Michael O'Reilly (1911–1963)

My father was born in Cork in the summer of 1911. He was the youngest son in a family of seven children: four girls (May, Kitty, Lil, Ann) and three boys (Tom, John, Michael). The family home was a small farm in North Cork, at Ballyhest, Castlecor, in the parish of Kilbrin. When he was five his parents (William and Catherine) sent him to the primary school near the farm. The year was 1916. A century later, on the anniversary of the Easter Rising, his name was included on a plaque in the old school building with those of the other pupils who had entered in that memorable year.

He later recalled how during the Civil War the family heard of the death of Michael Collins in August 1922. A boy ran along the road from Kanturk, five miles away, shouting out the news to the houses and farms as he passed. It was long before the advent of radios and phones.

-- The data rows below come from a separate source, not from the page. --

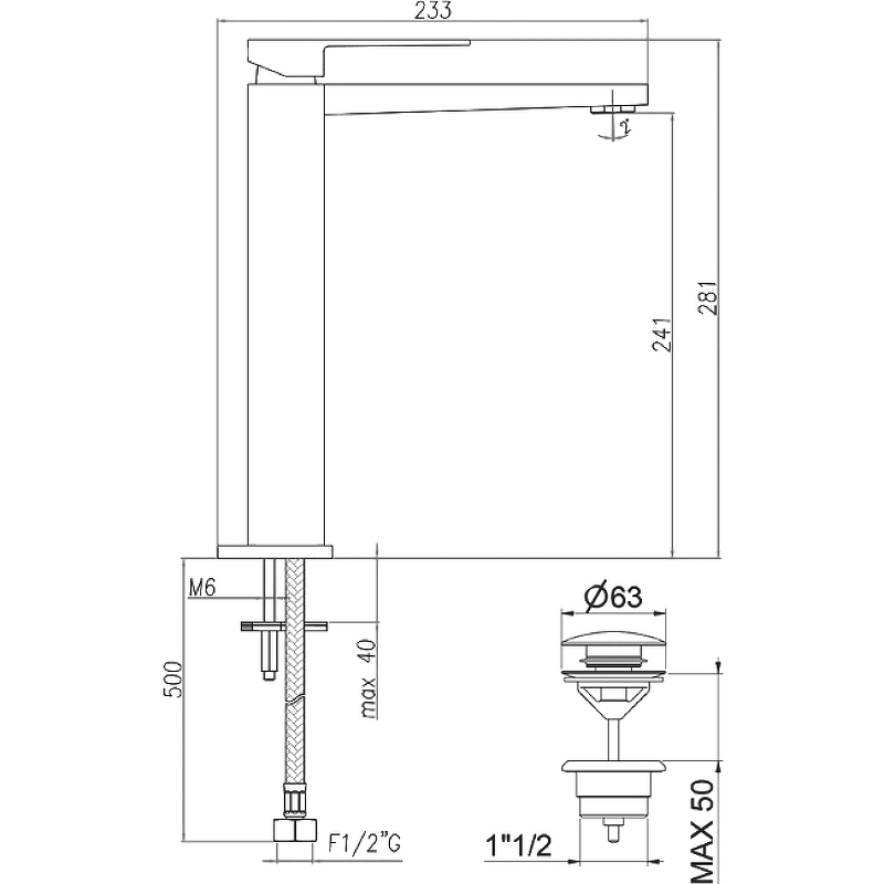 Высокий смеситель для раковины с д/к Webert Pegaso хром PE830402015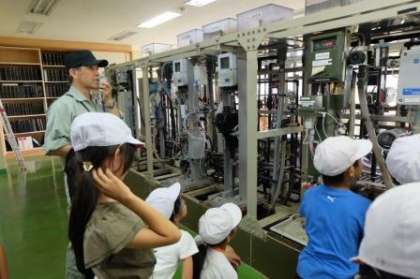 浄水場の建物内もていねいに案内していただきました。私たちのもとにきれいな水道水を届けるために、浄水場ではたくさんの機械で、川の水がきれいにされていることがわかりました。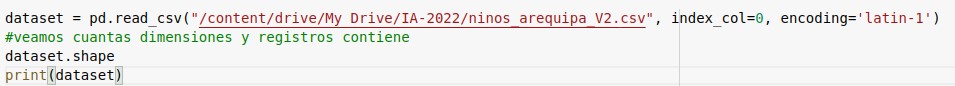 Finalmente se crea un nuevo archivo csv con la información separada. Este nuevo archivo csv llamado “Niños_AREQUIPA_V2.csv” contiene una cabezera con los siguientes datos: 'Diresa', 'DxAnemia', 'Sexo', 'EdadMeses', 'Peso', 'Talla', 'Hemoglobina', 'HBC', 'ProvinciaREN', 'DistritoREN'. y es acompañado por la información que está separado en un array new_data.
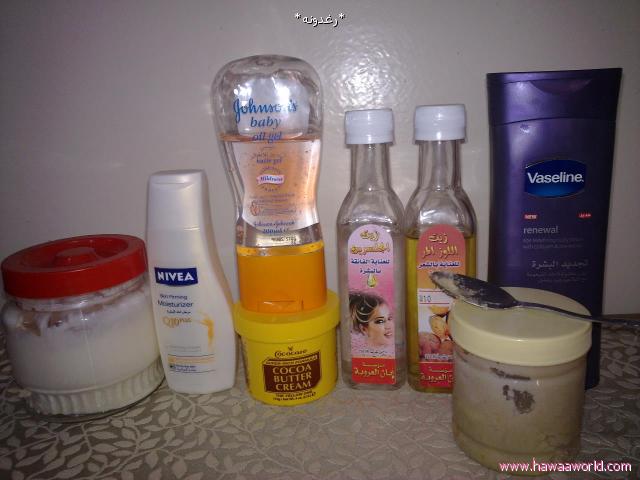 ارطب جسمي:- جلسرين +لوز مر+جنين القمح +6كبسولات فيتامين اي+لوشن نيفيا لشد الجسم +لوشن دوف لشد +الجسم +فير أند وايت من جرجنز +فازلين بزبدة الكاكو

One day at school his class was visited by a member of the De La Salle Brothers, a teaching order founded in France in the seventeenth century by St Jean-Baptiste de La Salle (1651–1719). He spoke to them about the vocation to be a brother and asked if any of them felt they might have such acalling. My father and one other boy put up their hands. He was later offered a place in the De La Salle school in Waterford.

The De La Salle Brothers

During his time in Waterford he resolved to try his vocation. In August 1927 he was ‘admitted to the Habit’ with the name ‘Bonaventure Enda’. The ceremony took place in the De La Salle community in Castletown, a small village in County Laois. He was sixteen years old, and one of twenty-three ‘aspirants’ admitted on that day.

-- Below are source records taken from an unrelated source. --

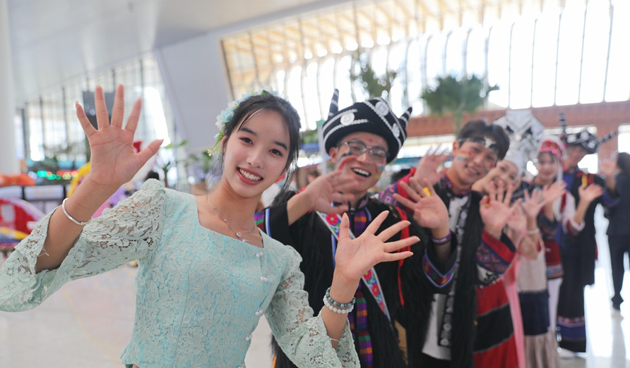 融合了鲜花、绿植、复兴号动车元素的“鲜花会客厅”打卡点,一直以来就备受旅客们的青睐。活动当天,热情洋溢的少数民族打跳、悦耳动听的童声合唱、令人心动的“坐着火车游云南”环线旅游列车推介等,进一步增加了这一“网红”打卡点的魅力,吸引了众多旅客驻足观看。互动环节的干花团扇制作更是人气爆棚,游客们通过亲手制作一把独一无二的团扇,沉浸式与云南“香”约。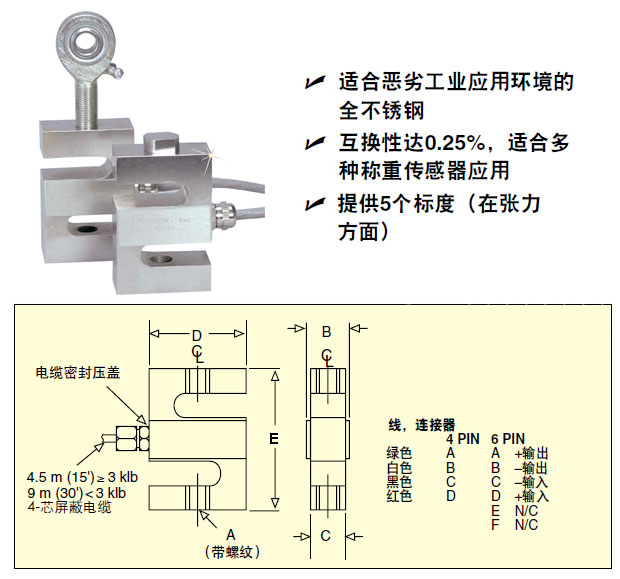 适合恶劣工业应用环境的全不锈钢; 互换性达0.25%,适合多种称重传感器应用; 提供5个标度(在张力方面)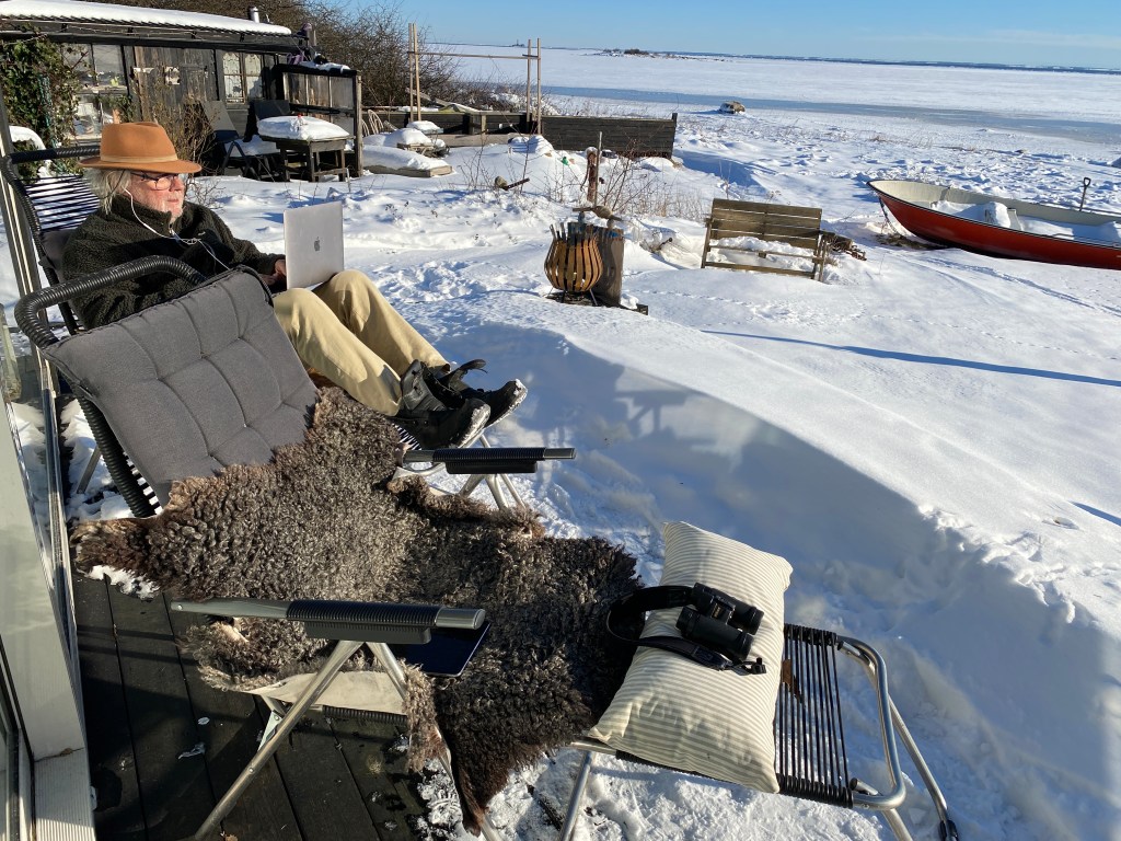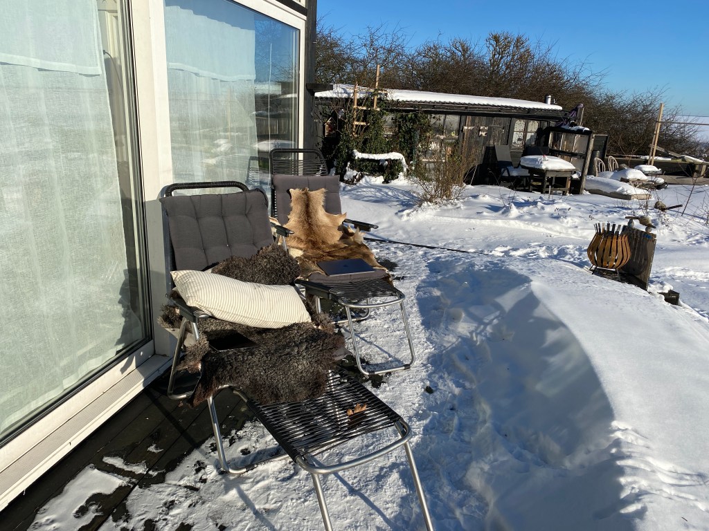 Hon: tänk att man kan börja sitta ute och äta frukost nu. Om vinden är rätt, solen skiner och dunjacka är på förstås. Men solen har verkligen börjat värma på riktigt nu. Inne blev det på tok för varmt, chiliplantorna krävde dessutom fördragna gardiner och utsikten blev begränsad. ”Ska vi inte testa att sitta ute? Jo det gör vi, jag hämtar fällarna!”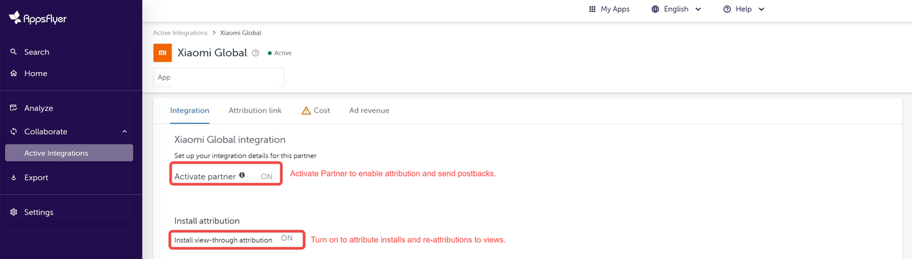 - Toggle the Activate Partner switch to ON to begin sending postback data to Xiaomi Global. Make sure the Install view-through attribution switch is also turned ON. Then click Save at the bottom right corner.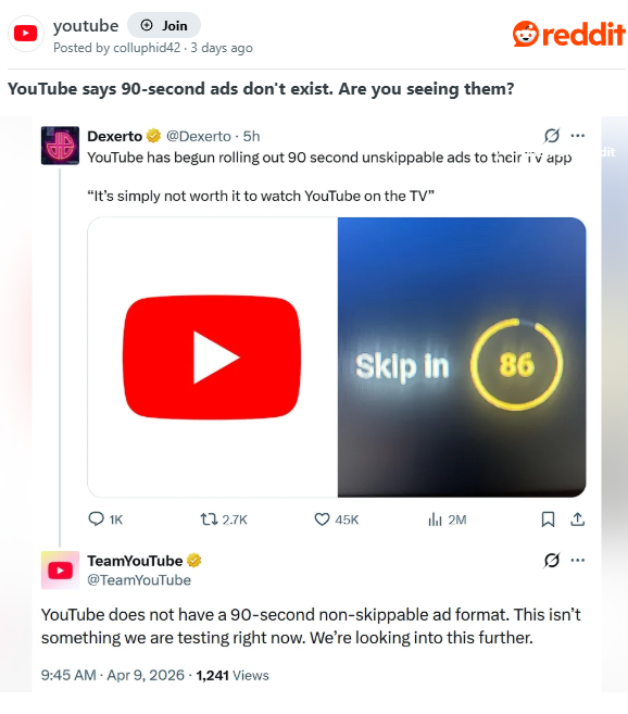 وبحسب ما نقله موقع 9to5Google، أكدت حسابات رسمية تابعة ليوتيوب عبر وسائل التواصل أن المنصة "لا تمتلك صيغة إعلانات غير قابلة للتخطي لمدة 90 ثانية"، مضيفة أن هذا الأمر "ليس قيد الاختبار حاليا"، مع الإشارة إلى أنها تعمل على التحقق من الشكاوى المتزايدة.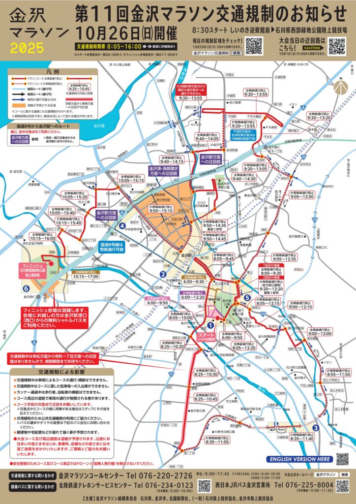 2025年10月26日(日)6時~17時にかけ、金沢市内における多数の区間において、通行止め規制が生じます。規制の詳細につきましては金沢マラソン公式サイトをご覧ください。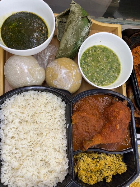 Savourez un délicieux mélange de plats africains épicés comprenant une sauce savoureuse et un ragoût riche, parfait pour un repas rapide et satisfaisant. Préparé avec des ingrédients frais, ce plat vous transporte au cœur de la tradition culinaire africaine. Idéal pour les amateurs de bonne cuisine épicée. Se déguste chaud, avec du riz ou du gari!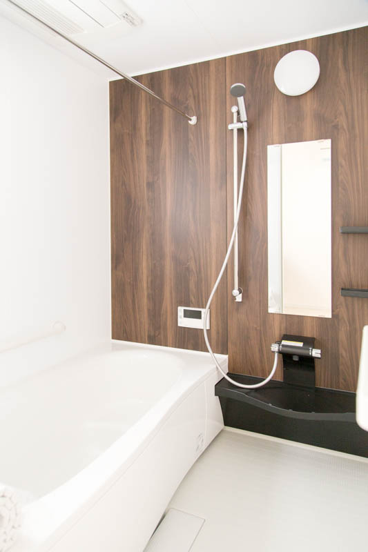お風呂も木目調のシックなデザインで落ち着くなぁー。

The period of probation and formation that followed was professional as well as religious.

De La Salle College, Waterford.

In 1930 he was sent to St Mary’s University College in London to be trained as a teacher. The college (now St Mary’s University) is in the south-west part of the city, in Strawberry Hill House, Twickenham. At the end of his course, in 1933, he received two qualifications, awarded by the University of London: the Teacher’s Certificate and a B.A. Degree in History, French and Latin.

Early on in his studies, in March 1931, he was in France (no doubt perfecting his French) when he learned that his sister Kitty, a nurse, had died of T.B. in Marymount in Cork. They were close in age (she was two years older), and close in spirit too. On returning home he told the family she had appeared to him after her death, and had told him that she had left something for him in a particular place. And when he went to that place he found it, just as she had said.

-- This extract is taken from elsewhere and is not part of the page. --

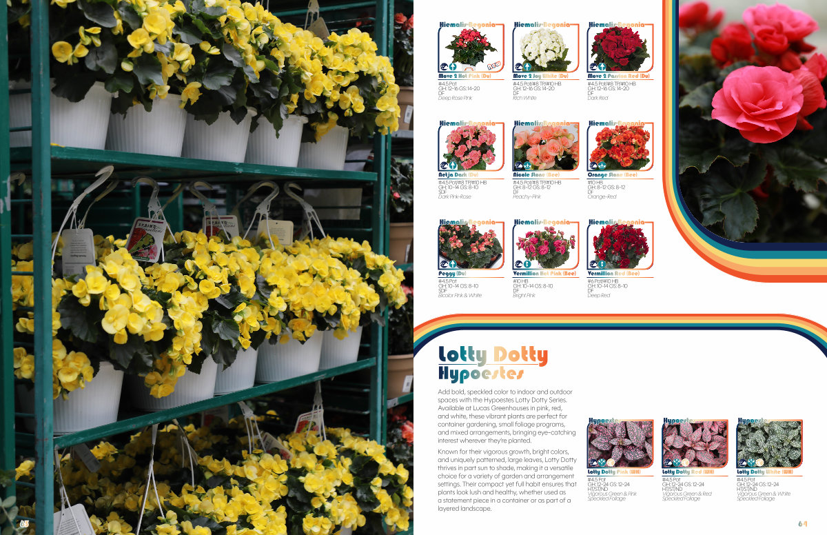 Add bold, speckled color to indoor and outdoor spaces with the Hypoestes Lotty Dotty Series. Available at Lucas Greenhouses in pink, red, and white, these vibrant plants are perfect for container gardening, small foliage programs, and mixed arrangements, bringing eye-catching interest wherever they’ re planted. |

Once he was fully qualified, he was given a full-time teaching post in St Illtyd’s College in Cardiff, which the De La Salle Brothers had founded ten years earlier. The pupils were all boys, most of them of Irish descent and from families of limited means. In September 1933 he assumed his duties as ‘Master of History’. They included running The Historical Society, of which he was elected president. At its first meeting under his direction, in the Spring of 1934, it was decided to hold debates twice a month, ‘on subjects of interest to all, with special relation to the period which the senior forms were at the time studying’. The first debates were on ‘the Inquisition’ and ‘the execution of Mary Queen of Scots’, subjects the senior boys were considering in class, but in subsequent years topics connected with current affairs came increasingly to the fore. In 1935 the Society heard a talk by one of the sixth formers on ‘the life of Mussolini, Fascism in Italy, and British Fascism’. In 1936 the motions debated included ‘that the League of Nations is a necessary and successful institution’ (judged ‘probably the most successful debate we have had up to date’), and ‘that the Air Force is more advantageous to the Empire than the Navy’. In 1937 it was formally decided to debate and discuss ‘topics of interest in world affairs’. Minds were becoming focused on the approach of war.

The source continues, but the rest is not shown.